Women’s March Global is an international organization — founded on January 21st, 2017 — that seeks to unite grassroots movements worldwide, and provide them with tools to organize and empower women advancing women’s rights in their local communities.
Rather than setting rules and regulations for global chapters, Women’s March Global supports these organizations and helps to amplify their work. On their platform, interested parties can join as members of any chapter, or be affiliated with several. Leaders from each chapter use the platform to manage participants host events and share their work with the rest of the community.
Many activists affiliated with the organization work in places where they must be covert about their campaigns. One such example is the Free Saudi Activists campaign, one of the longest running campaigns through Women’s March Global. The central organization was able to elevate this campaign in a way that wasn’t possible for activists on the ground, enabling an international outcry in solidarity of the Saudi activists’ work. As a result of the campaign, they solicited a huge petition that led to the freeing of the detained activists and have continued to advocate at the United Nations for the release of imprisoned Saudi Activists.
Michelle Emson, the Digital Director for Women’s March Global, met Cloudflare’s co-founder and CEO Matthew Prince at RightsCon Toronto in 2018. This chance meeting made her aware of Project Galileo and how it could address Women’s March Global’s unique needs.

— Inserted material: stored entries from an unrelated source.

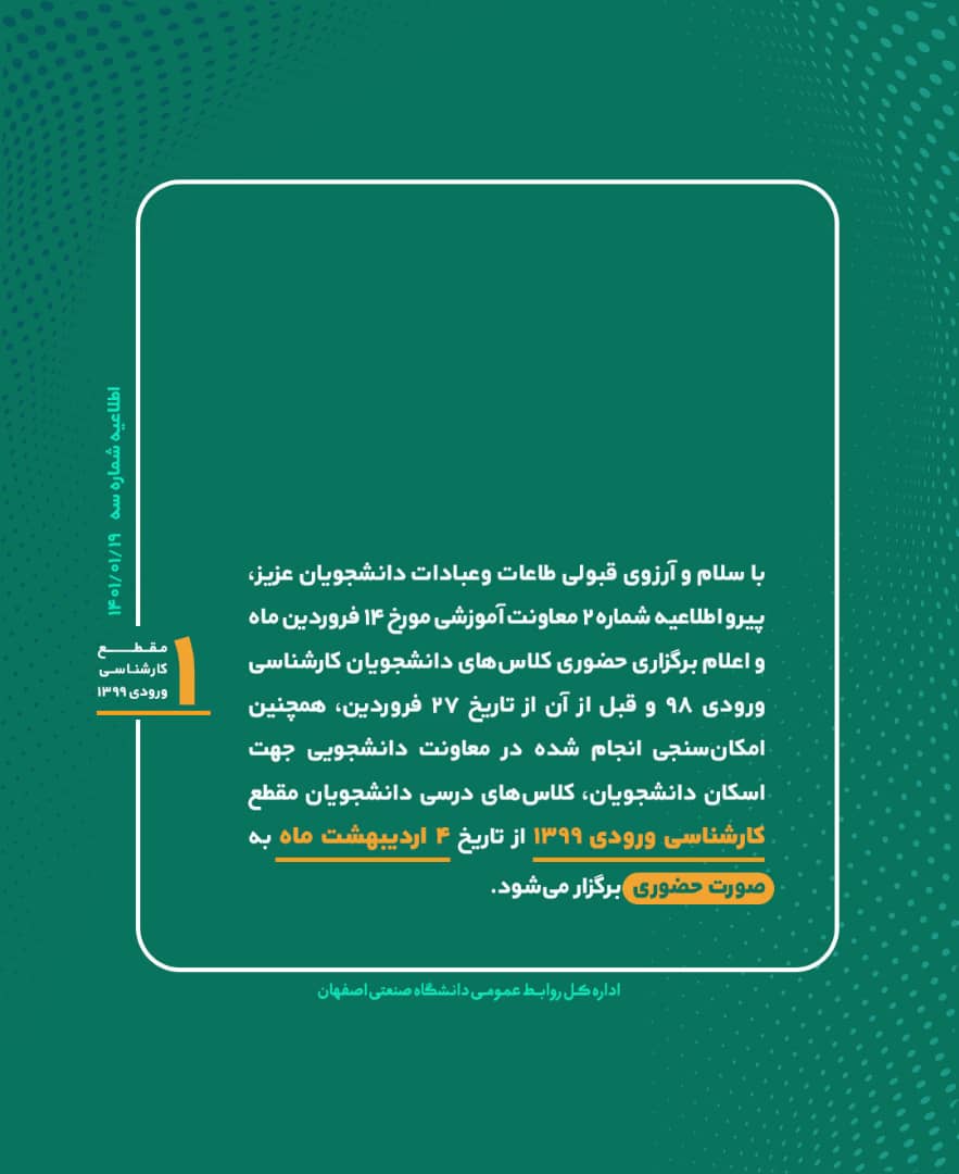 اطلاعیه شماره 3 از سرگیری آموزش حضوری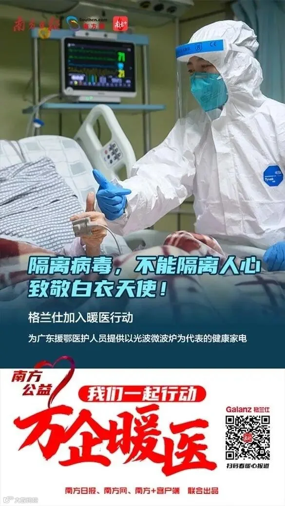 目前已经有17家企业加入“万企暖医——我们一起行动”公益活动,“您守护大家,我守护小家”“没有生而英勇,是你心诚血热”“你保护了很多人,我们也想保护你”……来自不同行业的企业通过公益海报的形式为奋战在抗疫一线的医护人员加油打气。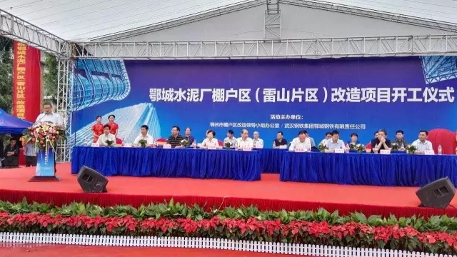 6月28日,鄂城水泥厂棚户区(雷山片区)改造项目工程举办开工典礼。武钢副总经理傅连春及武钢总经理助理赵昌旭,鄂州市副市长李忠禄等参加开工典礼。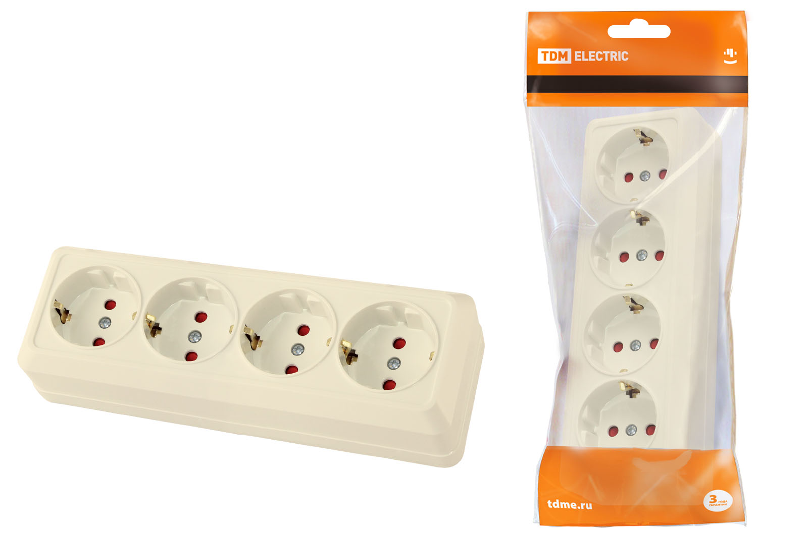Наименование: Розетка 4-х местная горизонтальная 2П+3 открытой установки IP20 16A с з/ш сл. кость "Ладога" TDM

The organization’s platform enables Women’s March Global chapters to organize and build capacity — and naturally requires robust security and privacy features. When they met with Matthew, Michelle and the Women’s March Global team were still developing the platform, allowing them to use Cloudflare from the beginning.
Due to the international scale of Women’s March Global, they needed a way to reach remote clients all over the world. Backed by 180 data centers, Cloudflare’s network enables them to provide a performant, reliable experience worldwide — despite the site originally being served from the United States. Many chapters and readers are based in Indonesia, Sub-Saharan Africa, and other areas where network speeds and network connectivity aren’t always reliable, so enhancements such as minification are valuable as well.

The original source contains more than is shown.